Both simple and more comprehensive measures can drastically reduce the energy use and emissions connected to buildings. Energy saving projects in the building sector is the cheapest measure in order to reduce the greenhouse gas emissions, and most of them are even profittable.
Isolation, energy efficient windows, ventilation with energy recovery, solar heaters, heat pumps, solar shadowing and control systems for the energy use is just some examples of measures to reduce the energy use in buildings
Thermal energy from the surroundings can be utilised with the aid of a heat pump. Heat sources include outdoor air, ventilation air, background heating (mountains/ground water), ground-source heat, sea water, lakes and rivers.
A division in SINTEF Energy Research is responsible for managing Norway's work in The International Energy Agency Heat Pump Programme Annex 29 "Ground-Source Heat Pump Systems Overcoming Technical and Market Barriers" (2004-2007).

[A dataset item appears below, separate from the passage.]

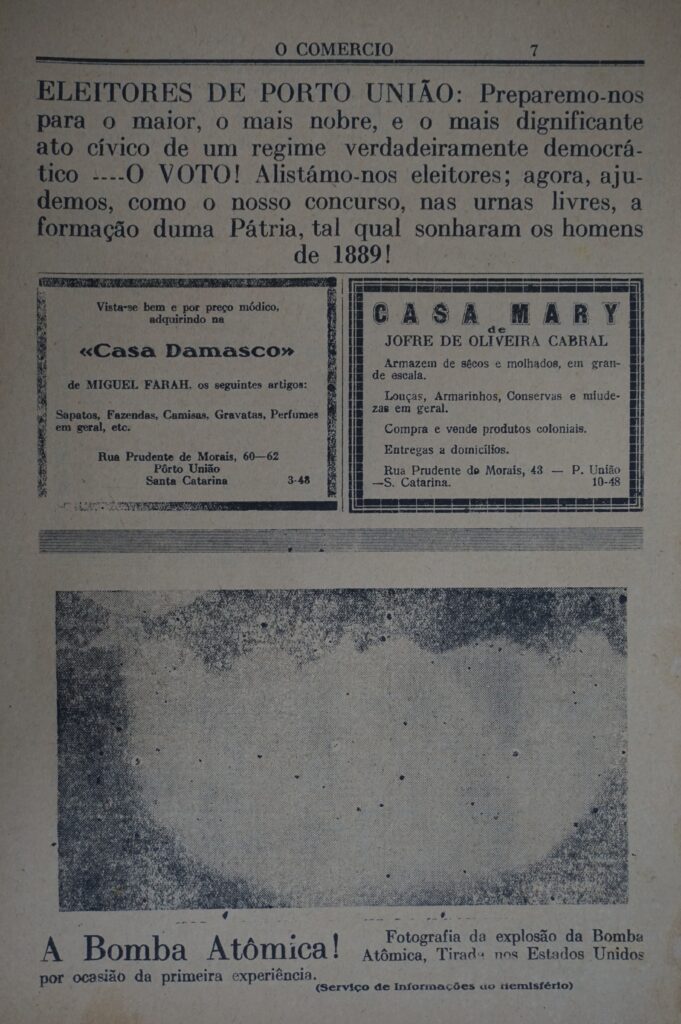 Como um jornal quase centenário, O Comércio noticiou a existência daquela nova arma. Em 16 de setembro de 1944, com um infográfico, explicou o poder de destruição da bomba atômica.

Ground-source heat is a generic term for the withdrawal and storage of low temperature thermal energy in bedrock, ground water and earth.
There is growing interest in ground-source heat in Norway. In 2005, for example, Europe's largest thermal energy storage in mountain was completed in Nydalen. New information about energy wells in the mountains has evoked renewed interest in heat pumps in larger buildings, in particular due to the fact that the systems are effective in both delivering heat and cooling.